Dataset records
____________________
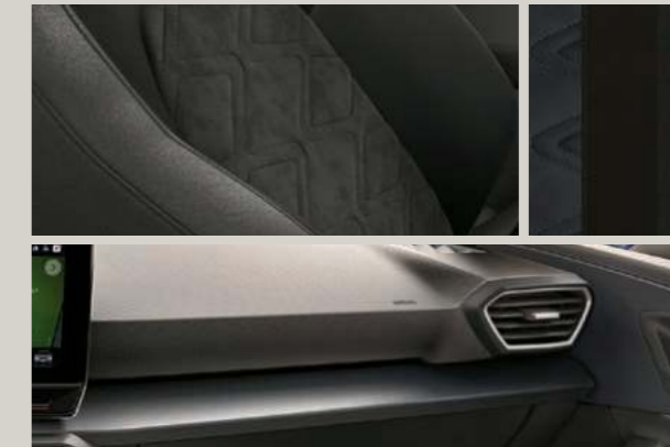
DINAMICA IN SCHWARZ
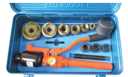
薄鋼電線管 CPセット 型番 NC-TP-F3-CP 厚鋼電線管 ACPセット 型番 NC-TP-F3-ACP
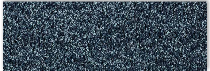
75 4m + 5m
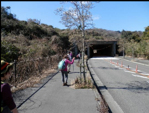
怪しげなポーズの人が・・・うちの会員？
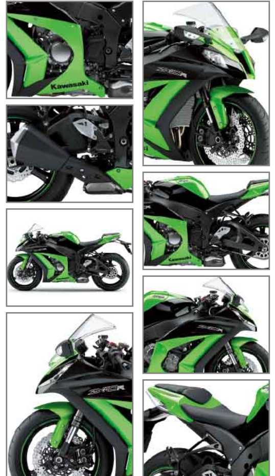
Copyright (c) BRIGHT CORPORATION All Rights Reserved.

リサイクル促進センター http://www.jarc.or.jp/motorcycle/
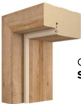
OŚCIEŻNICA STAŁA MDF
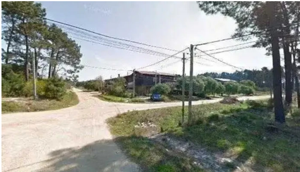
Horizonte comunicacion dondedeg
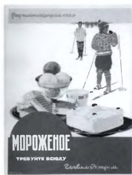
Рекламный плакат. 1938 год
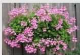
Geranio edera - Faccio sul serio

senza temere le crisi perché... con i fiori di S. Valentino
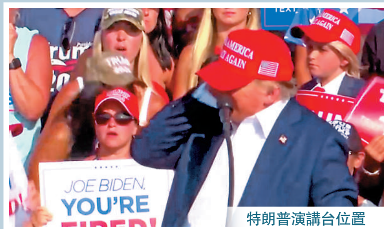
特朗普演講台位置
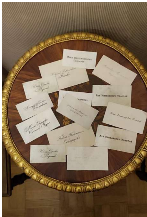
Рис. 1 Столик для визиток при входе в квартиру Н.А. Некрасова
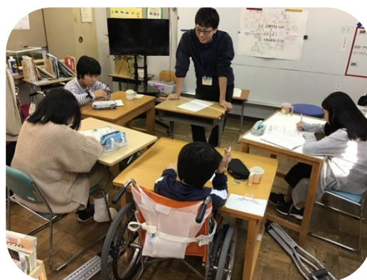
中学部自立活動「ストレスについて」

個々の安静度や体調に応じて、教材・教具や学習形態を工夫しています。文部科学省の GIGA スクール構想に伴う ICT 環境整備も完了し、病弱特別支援学校における児童生徒の自主的な学習活動にも取り組んでいけるよう、インターネット等通信ネットワークの活用や、タブレット等の情報機器活用研究を推進しています。
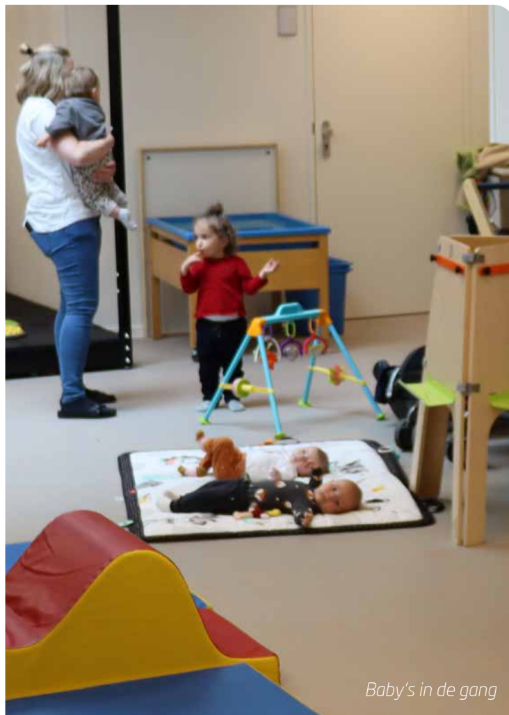
Baby's in de gang

Het uitdagende onderwijs, BSO en kinderopvang onder één dak. Pedagogisch medewerk(st)ers, leerkrachten en directie vormen één team met één gezicht. Op deze manier is er een brede expertise op het gebied van de ontwikkeling van een kind in een omgeving waarbinnen alle kinderen het stralende middelpunt zijn! Door alle overgangen vloeiend te laten verlopen geven wij kinderen de kans hun talenten optimaal te ontwikkelen.
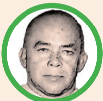
Por Eloy Farfán Bello

Fue una mujer incansable, luchadora, complacía con sus gestos, sus consejos, con su buena sonrisa,
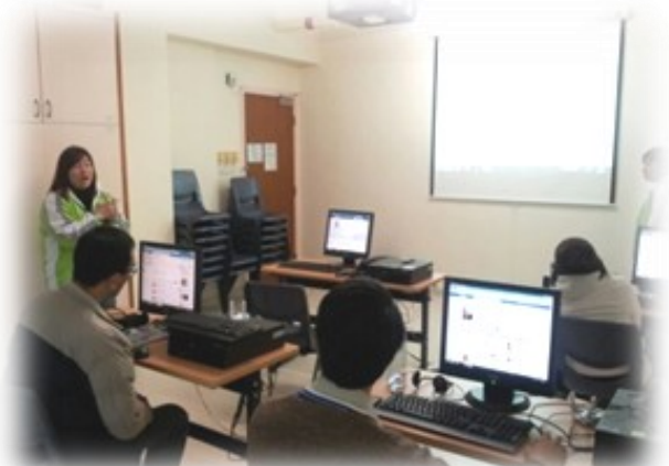
導師很悉心地教導。
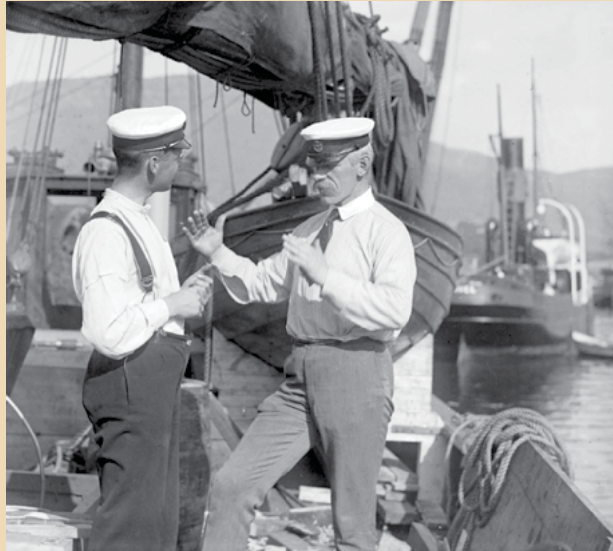
■ Fridtjof Nansen on RV Armauer Hansen in 1913.
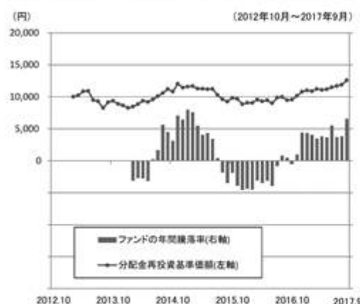
ファンドの年間騰落率と分配金再投資基準価額の推移
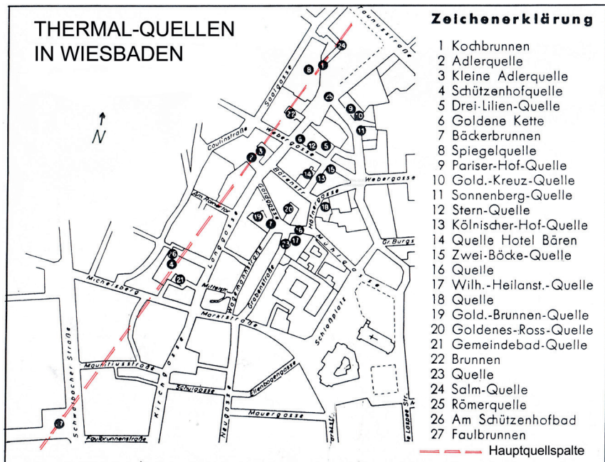
Abbildung 2: Lage der 26 Thermalquellen und des Faulbrunnens im Stadtgebiet (nach CZYSZ 1995, leicht verändert), früherer Zustand; heute sind nur noch 15 Quellen vorhanden, davon wird nur ein geringer Teil genutzt.

In Abb. 3 ist eine Profilserie einiger Thermalwasserbohrungen entlang der Hauptspaltenzone wiedergegeben.
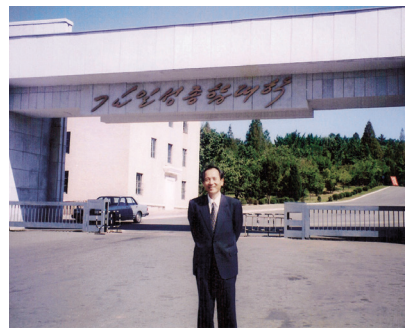
1998.9 김일성종합대학 정문 앞에서 Visit to Kim Il Sung University, Sept. 1998
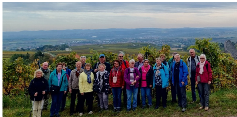
Seniorenausfahrt ins Weingebiet Zabergäu
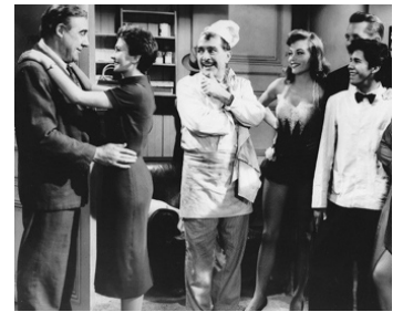
1957 CETTE NUIT OU JAMAIS (This could be the Night) de Robert Wise avec Paul Douglas, Jean Simmons
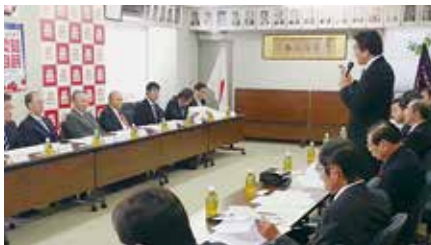
各団体の皆様からご要望を伺う政策懇談会
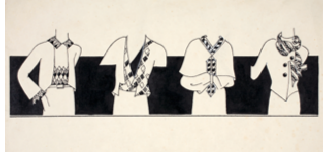
Hannah Höch, Leiste für „Die Dame“ Entwurf für den Ullstein-Verlag, 1916 – 1926, Berlinische Galerie
____________________
◆ **WHAT IS NEEDED**:
Please print every record above exactly, but leave the pictures out.

◆ **REPLY**:
DINAMICA IN SCHWARZ
薄鋼電線管 CPセット 型番 NC-TP-F3-CP 厚鋼電線管 ACPセット 型番 NC-TP-F3-ACP
75 4m + 5m
怪しげなポーズの人が・・・うちの会員？
Copyright (c) BRIGHT CORPORATION All Rights Reserved.

リサイクル促進センター http://www.jarc.or.jp/motorcycle/
OŚCIEŻNICA STAŁA MDF
Horizonte comunicacion dondedeg
Рекламный плакат. 1938 год
Geranio edera - Faccio sul serio

senza temere le crisi perché... con i fiori di S. Valentino
特朗普演講台位置
Рис. 1 Столик для визиток при входе в квартиру Н.А. Некрасова
中学部自立活動「ストレスについて」

個々の安静度や体調に応じて、教材・教具や学習形態を工夫しています。文部科学省の GIGA スクール構想に伴う ICT 環境整備も完了し、病弱特別支援学校における児童生徒の自主的な学習活動にも取り組んでいけるよう、インターネット等通信ネットワークの活用や、タブレット等の情報機器活用研究を推進しています。
Baby's in de gang

Het uitdagende onderwijs, BSO en kinderopvang onder één dak. Pedagogisch medewerk(st)ers, leerkrachten en directie vormen één team met één gezicht. Op deze manier is er een brede expertise op het gebied van de ontwikkeling van een kind in een omgeving waarbinnen alle kinderen het stralende middelpunt zijn! Door alle overgangen vloeiend te laten verlopen geven wij kinderen de kans hun talenten optimaal te ontwikkelen.
Por Eloy Farfán Bello

Fue una mujer incansable, luchadora, complacía con sus gestos, sus consejos, con su buena sonrisa,
導師很悉心地教導。
■ Fridtjof Nansen on RV Armauer Hansen in 1913.
ファンドの年間騰落率と分配金再投資基準価額の推移
Abbildung 2: Lage der 26 Thermalquellen und des Faulbrunnens im Stadtgebiet (nach CZYSZ 1995, leicht verändert), früherer Zustand; heute sind nur noch 15 Quellen vorhanden, davon wird nur ein geringer Teil genutzt.

In Abb. 3 ist eine Profilserie einiger Thermalwasserbohrungen entlang der Hauptspaltenzone wiedergegeben.
1998.9 김일성종합대학 정문 앞에서 Visit to Kim Il Sung University, Sept. 1998
Seniorenausfahrt ins Weingebiet Zabergäu
1957 CETTE NUIT OU JAMAIS (This could be the Night) de Robert Wise avec Paul Douglas, Jean Simmons
各団体の皆様からご要望を伺う政策懇談会
Hannah Höch, Leiste für „Die Dame“ Entwurf für den Ullstein-Verlag, 1916 – 1926, Berlinische Galerie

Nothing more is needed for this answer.